The court also ruled out differences between a triggered public offer and a voluntary public offer as a distinction between the two routes will defeat the purpose of a SEBI takeover code.

According to Pratap Venugopal, Partner, KJ John and Co. and representative of SEBI in this matter, the takeover code is implemented for the purpose of promoting an honest market for the control of corporates. An open offer can be permitted to be withdrawn only in cases such as death of the acquirer, natural disaster or even legal impossibility. The judgment made by SEBI will take the above circumstances into consideration.

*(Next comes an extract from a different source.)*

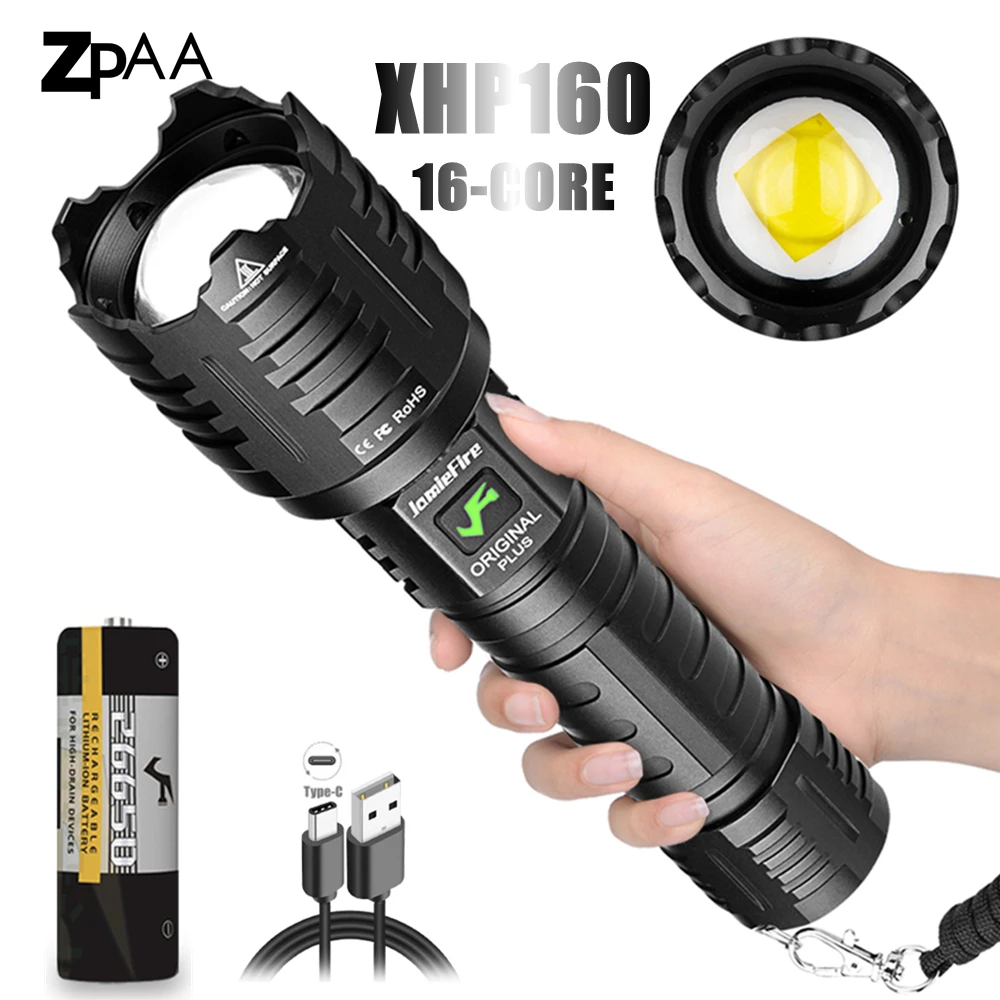 2021 XHP160 мощный светодиодный фонарик USB Zoom фонарь Водонепроницаемый наружное освещение 5000Mah тактическая вспышка лампа от 2665018650

A senior government official reported to ET NOW that the fate of the open offer cases involving Khaitan Electricals, Arvind Mills, AP Paper Mills and Golden Tobacco will be decided on the basis of the order.

A report was also published by ET on May 10, 2013 on the Supreme Court’s refusal to Nirma’s request of withdrawing an open offer for an Ahmedabad Firm, Shri Rama Multi Tech.

The judgment was passed by the Supreme Court on an appeal made by market regulator SEBI against a previous order by the Securities Appellate Tribunal (SAT).  The order was in favour of Akhsya Infrastructure Private Limited, which was a part promoter of Marg Limited and had breached the 5 per cent creeping acquisition limit in Marg Limited for the years 2006- 07, 2007-08 and 2010-11. A voluntary offer was announced by Akshya on October 20, 2011 in which an opportunity was given to the shareholders of Marg Ltd. to exit at an offer price of Rs.91/share. 

But according to the company, the delay made by SEBI to approve the draft letter of the offer have made the entire process of open offer meaningless and so it sought to withdraw it.

According to SEBI, permitting the company to withdraw the open public offer will prove to be harmful to the interest of the shareholders.